The NPM Supply Chain Attack Playbook That Still Works in 2026

Blog April 23, 2026
Pardhiv Reddy, Head of Application Security, S&P Global
Head of Application Security, 
S&P Global
ArmorCode Blog - The NPM Supply Chain Attack Playbook That Still Works in 2026

On March 31, 2026, the Axios NPM package, with over 100 million weekly downloads, was hijacked by a North Korean threat actor. A hidden dependency silently installed a remote access trojan across developer machines and CI/CD pipelines before the malicious versions were even publicly flagged. For anyone who lived through the Shai-Hulud NPM attacks, the pattern was instantly familiar.

The Shai-Hulud NPM supply chain attack hit in the fall of 2025, and like every other security team out there, we had one question on our minds: are we exposed?

We run a large engineering organization. Lots of applications, lots of teams, heavy reliance on open-source JavaScript packages. So when a self-replicating worm starts spreading through NPM maintainer accounts and infecting hundreds of packages, the pressure ramps up fast. Leadership wants answers. Engineering wants guidance. And your security team is in the middle trying to figure out the blast radius before it gets worse.

The Real Problem Wasn’t the Attack Itself

Look, supply chain attacks are not new. We’ve dealt with vulnerability disclosures before. But what made Shai-Hulud different was the speed and scale. New compromised packages were surfacing every few hours. The list kept growing. And the question “are we affected?” doesn’t have a simple answer when you’re managing hundreds of applications, each with its own dependency tree, maintained by different teams across the organization.

Without proper tooling, here’s what that exercise looks like: you pull up the advisory, go through individual package-lock.json files across repos, try to figure out which teams own what, and then prioritize. That’s easily a week of work. In the middle of an active incident, you don’t have a week.

What Actually Helped Us Respond

We already had SCA tooling in place that was continuously scanning our open-source dependencies. So when the compromised packages were flagged, we weren’t starting from zero. Our dependency inventory was already there. That part was solid.

Having scan data is one piece of the puzzle. The harder part is making sense of it across your entire environment, fast. That includes correlating findings from multiple tools, understanding business context, figuring out who owns what, and deciding what to fix first. That’s where things usually slow down.

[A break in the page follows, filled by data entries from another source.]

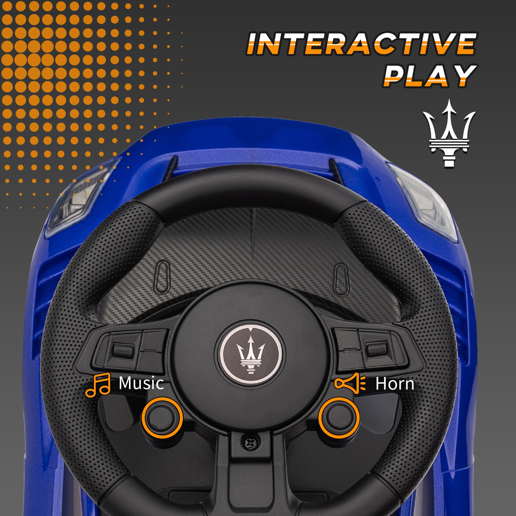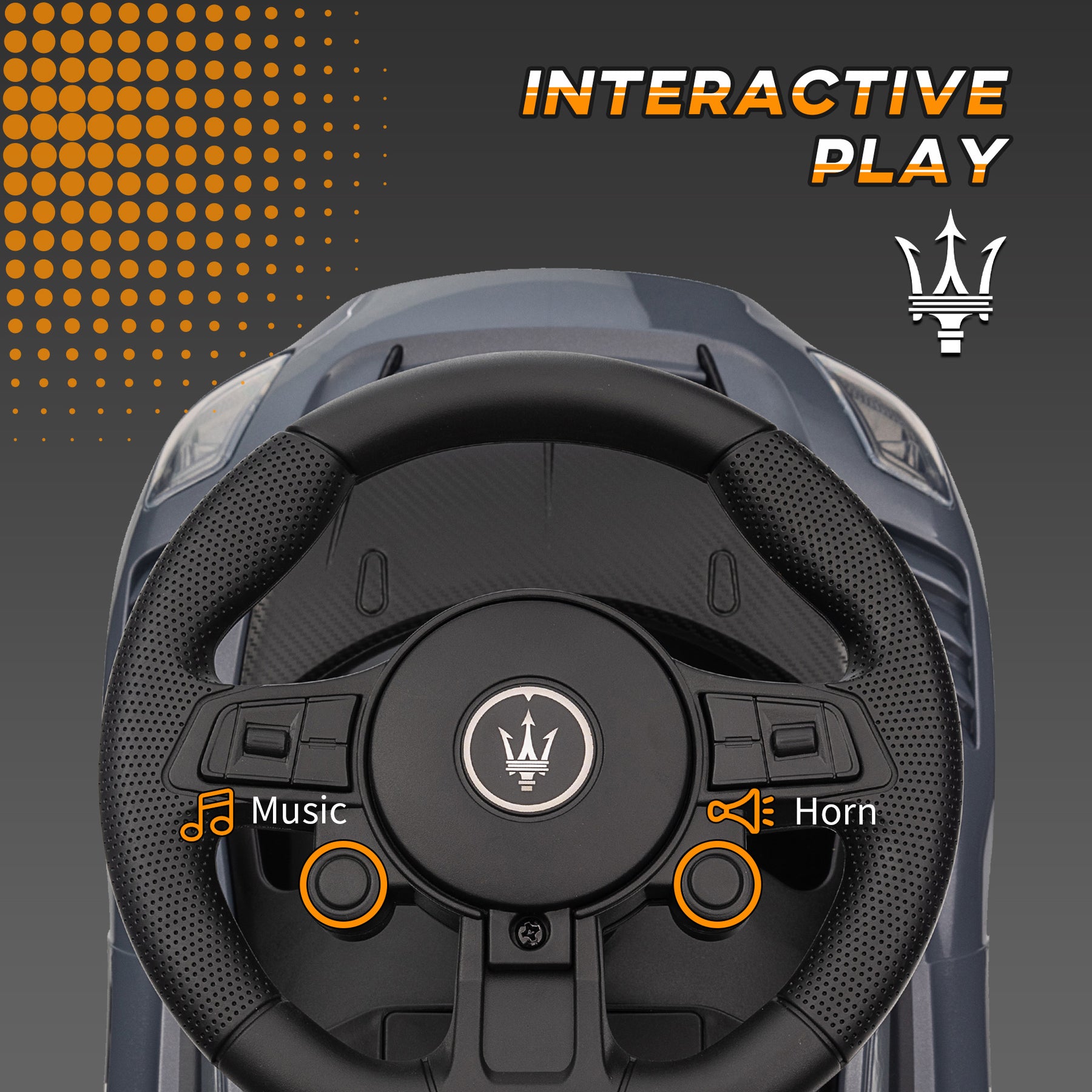 - • Horn and music buttons on the steering wheel for interactive play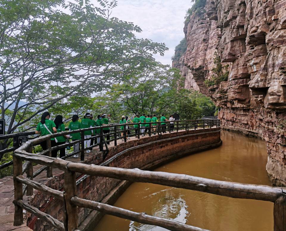 回归历史,亲身感悟,走进红旗渠,走访历史中林州人民为解决自己所在土地的干涸而奋力拼搏、也是今天后辈在体验感悟中明白团结合作的红旗渠。全体调研团队队员踏上红桥,寻访这山山水水给人精神滋养的伟大工程。队员一路走过仿若鹰嘴的鹰咀山、地势险恶的虎口崖、单薄简陋的神工铺、仅容一人通过的一线天,到达青年洞,看渠水从洞中流出,学生深感震撼,大家明白那不仅仅是一泉水,更是一家一户的生的希望。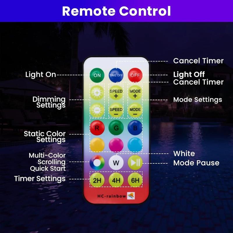 - Mit der Fernbedienung können Sie die Farbe ändern oder das Gerät abschalten, ohne das Wasser zu betreten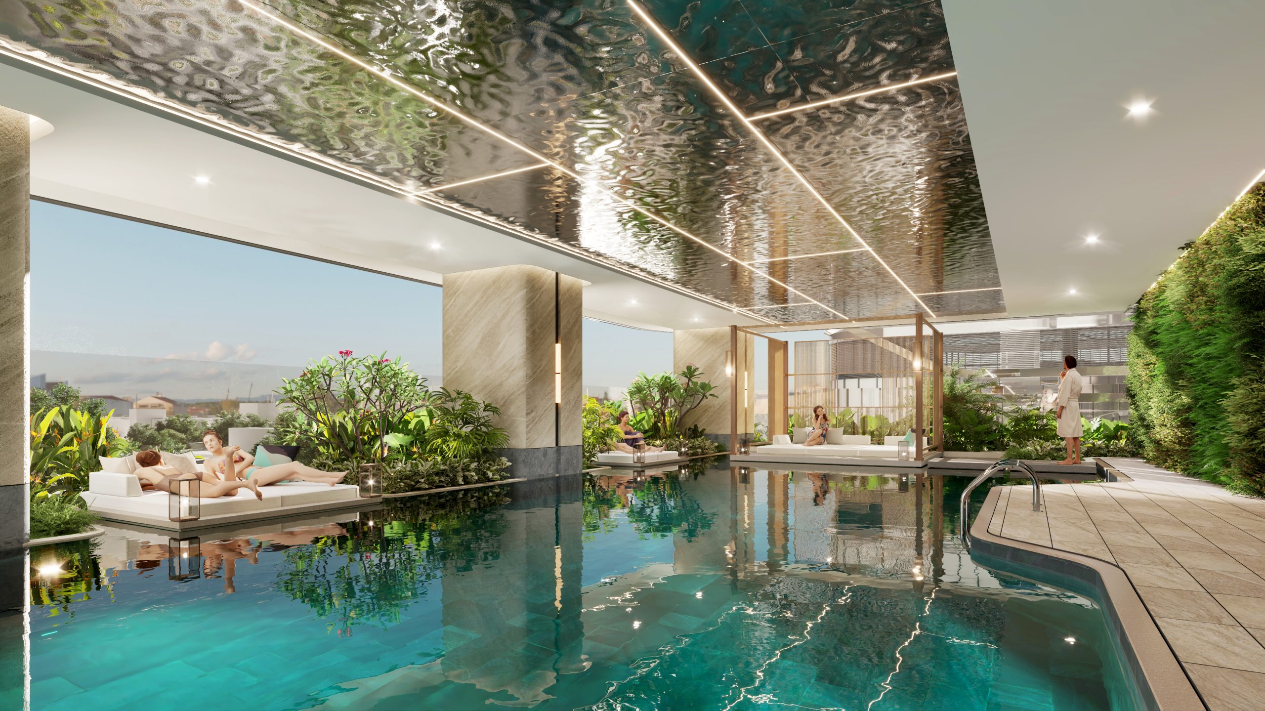 Tiện ích: Hồ bơi vô cực, sky bar rooftop, trung tâm thương mại, gym – spa – yoga, công viên xanh, khu vui chơi trẻ em…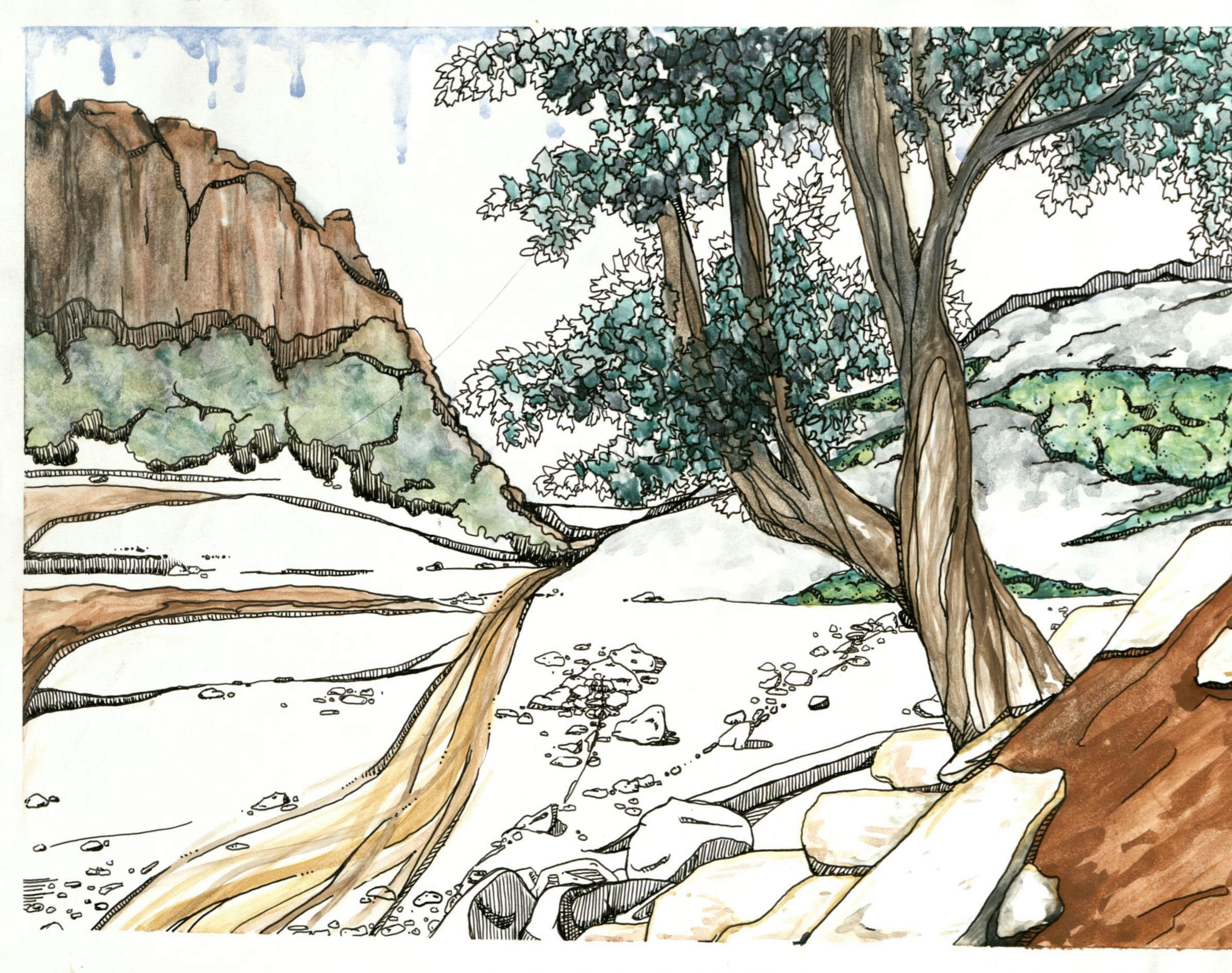 The Middle Atlas, 2018, Watercolor & Ink

We were already using ArmorCode’s Agentic AI Platform, and its Software Supply Chain Security module is what closed the gap. What would have taken us close to a week of investigation was done in hours.

It gave us immediate visibility into which open-source packages were affected across our entire landscape. We could see it all in one place. No jumping between tools, no manual spreadsheets, no chasing down application owners one by one.

The supply chain module is helping us with quick identification of open-source packages and reducing the timeline significantly. During supply chain attacks like this, we rely on it mainly for that immediate visibility to know what’s impacted and where, so we can act on it instead of spending days just trying to understand the scope.

Being Honest About Where We Are

I want to be upfront. We’re not fully integrated yet. We haven’t connected ArmorCode into our bug tracking and ticketing workflows, so there’s still some manual effort in handing off remediation to engineering teams. That’s something we’re working on.

But even without that piece, the value during a supply chain incident is clear. When you’re in the middle of a crisis, the most important thing is knowing where you stand. Are we affected? How bad is it? Where do we focus first? If you can answer those questions in hours instead of days, you’re already in a much better position.

What I’d Tell Other Security Leaders

If you’re running an application security program at any real scale, you need to know what’s in your open-source landscape before the next incident hits. Not after. My conviction has only grown stronger over the years: you cannot afford to be assembling your inventory when the breach is already underway.

The NPM attacks in 2025 demonstrated that the velocity of modern supply chain threats demands a fundamentally different operational posture. They also proved that the organizations who had unified visibility into their supply chain were the ones who responded effectively. The rest were scrambling. 

We’re watching this play out again with the Axios compromise. Axios carries roughly 100 million weekly downloads and is a transitive dependency across thousands of other packages, meaning organizations are exposed even if no developer ever explicitly installed it. Organizations that had lockfiles pinning Axios to a specific version, or CI/CD policies that suppress automatic install scripts, were protected. The ones that didn’t, had a window of exposure measured in hours. The 2025 playbook applied directly. The organizations that came out of it cleanly were the ones who already knew what was in their environment.

When the next supply chain attack happens, and it will, your response time is the only thing that separates a controlled incident from a full-blown fire drill. Invest in that visibility layer now.